With all due respect MGL I don’t think you know what you are talking about.  You obviously don’t think I do either.  I think you are a smart guy as well.  But whether you or I is the smarter guy on this subject is completely testable.  Next year you make your best preseason player projections for offensive players (and pitchers if you want) and so will I.  The person who has the predictions with the least total error for whatever comprehensive rate statistic you choose for the 2009 season wins.  I get to choose the PA cutoff point.  Deal?


#30    Rally      (see all posts) 2008/08/04 (Mon) @ 21:04

I look forward to seeing your projections Peter.

Actually, I you can project players either way and it won’t make a difference as long as you are using proper weighting.  A player’s initial projection is going to include some regression to the mean, so once you start regressing to that projection, you are still regressing to the mean.

It gets a lot more complicated though, after a few seasons it would be hard to tell how much regression is still left and how much of the player sample is there.  MGL’s way is a little more straightforward.

For my projections I regress BABIP to the player’s speed score, and HR% to the player’s weight.  I haven’t found any stand-in for walks and strikeouts, so they get regressed to the straight league average, but those stats are regressed relatively little anyway.

I also regress minor leaguers based on the level they play at.
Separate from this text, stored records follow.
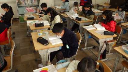 3年生では、国語辞典を使い、語句調べをしています。
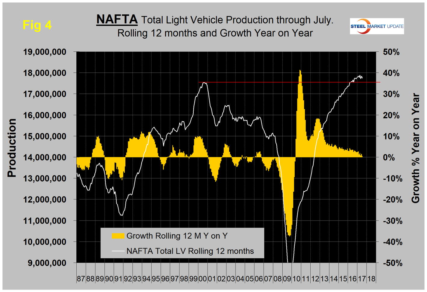 On a rolling 12 months basis year over year through July, light vehicle production in NAFTA increased by 0.5 percent, which was down from the 1.5 percent achieved in 12 months through June. There has been a very gradual slowdown in growth for the last three years as indicated by the brown bars in Figure 4; however, production has been higher than the previous all-time high every month since early 2016.
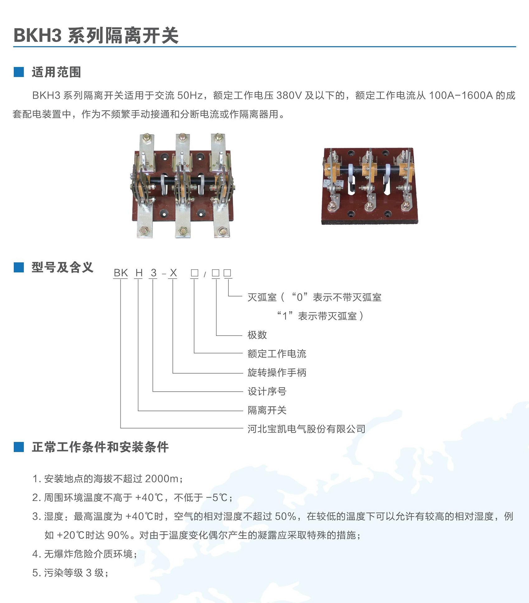 BKH3系列隔离开关适用于交流50Hz,额定工作电压380V及以下,额定工作电流100A-1600A的成套配电装置中,作为不频繁手动接通和分断电流或作隔离器用。BKH3系列隔离开关符合GB/T 14048.3《低压开关设备和控制设备低压开关、隔离器、隔离开关及熔断器组合电器》。
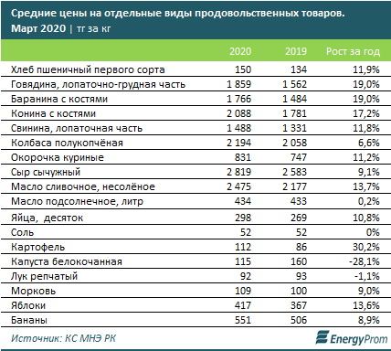 В связи с разразившимся кризисом из-за распространения коронавирусной инфекции инфляция в Казахстане в марте вышла за пределы коридора 4–6%, заложенного НБ РК, и составила 6,4%. В свою очередь, цены на продовольственные товары в марте выросли на 9,3% в годовой динамике. Подорожали хлебобулочные изделия и крупы, мясо, рыба и морепродукты, молочные продукты, яйца, масла и жиры, кондитерские изделия, фрукты и овощи, безалкогольные и алкогольные напитки.

#31    Peter Jensen      (see all posts) 2008/08/04 (Mon) @ 21:37

Rally - A player’s initial projection does not include any regression to the league mean because you NEVER use the league mean in any projection.  You always have a better subgroup to regress toward in a player’s first couple of years.  From then on you regress only to the player’s pre-season projection for every stat.  Eventually your projections are based entirely on your pre-season projection, the current year’s stats regressed to that projection, and an age adjustment.


#32    MGL      (see all posts) 2008/08/04 (Mon) @ 23:27

Peter, A, I’ll take you up on that for any amount of money you want, although that has NO relevance to what we are talking about.  For one thing, ANY two decent projections are going to be decided by luck a good proportion of the time.  And heck, I may just use Rally’s projections if you don’t mind!
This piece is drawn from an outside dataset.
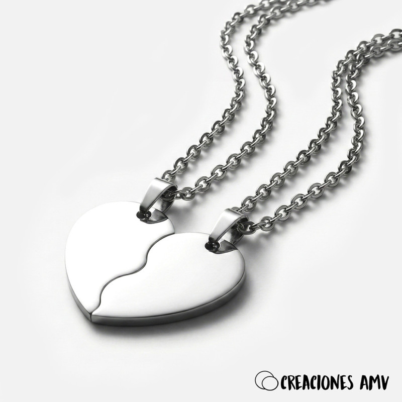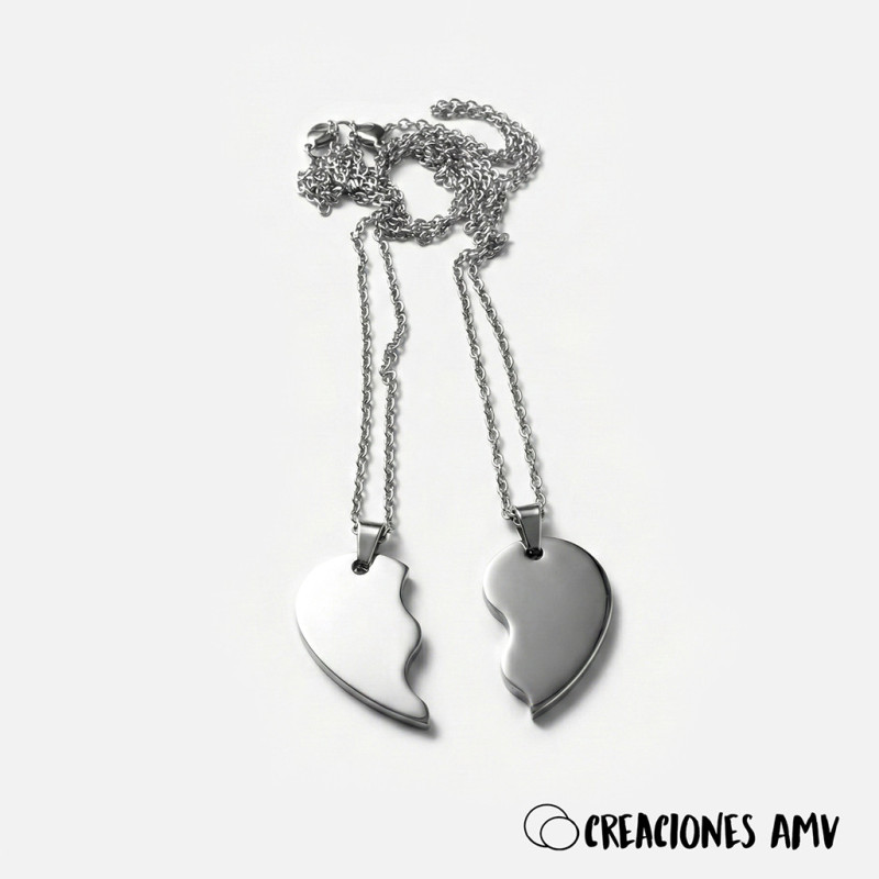 Colgantes Eternal Bond: Corazón Partido Acero | Creaciones AMV

I may have to take back what I said about your being smart wink as Rally and about a hundred (well, not quite) other people have said over and over again, that NO ONE is blindly regressing any player toward a league mean (not counting a “basic Marcel” perhaps).

Rally just got done saying that he regresses a player’s BABIP according to his speed score, etc.  I am sure he uses all kinds of population means to regress towards, as does EVERYONE who does serious projections.

Why do you keep insisting on arguing about something which does not exist (someone in this thread arguing that they would blindly regress a player’s stats toward the major league (or NL or AL mean) without regard to the “type” of player they are projecting)?

you NEVER use the league mean in any projection

In any case, that is completely wrong, as you would regress a player toward a league mean if you knew nothing about a player other than he comes from that league!  If you disagree with that, I will offer to wager, up to, say, $100,000 and we can ask Andy or one of the other pure statisticians decide.

You always have a better subgroup to regress toward in a player’s first couple of years.

This statement implies that after a couple of years, you do not regress a player’s sample stats toward a mean of the population you think the player comes from.  Of course you ALWAYS do that, no matter how many years of stats you have on a player.  It is possible that your estimate of what population that player comes from changes, of course, and you CANNOT use any of those sample stats that you are using for a projection influence the population choice!  Again, the initial projection may already include that - I am not sure about that.

If you disagree with any of the statements in the above paragraph, I’ll wager another $100,000 if you like.

Now, whether regressing a player’s sample stats toward his prior projection is the same thing as regressing his sample stats toward some population mean and that’s it (other than weighting and age adjustments of course), I am not sure. I am sure that just taking the sample stats and then regressing toward some population mean is the EXACT, 100% CORRECT way to do a projection (again not including whatever may change a player’s true talent over time - we are assuming for this argument that all sample stats from a player are an unbiased estimate of his true talent, no matter what the time frame).  If you disagree with THAT, I’ll go another 100 grand!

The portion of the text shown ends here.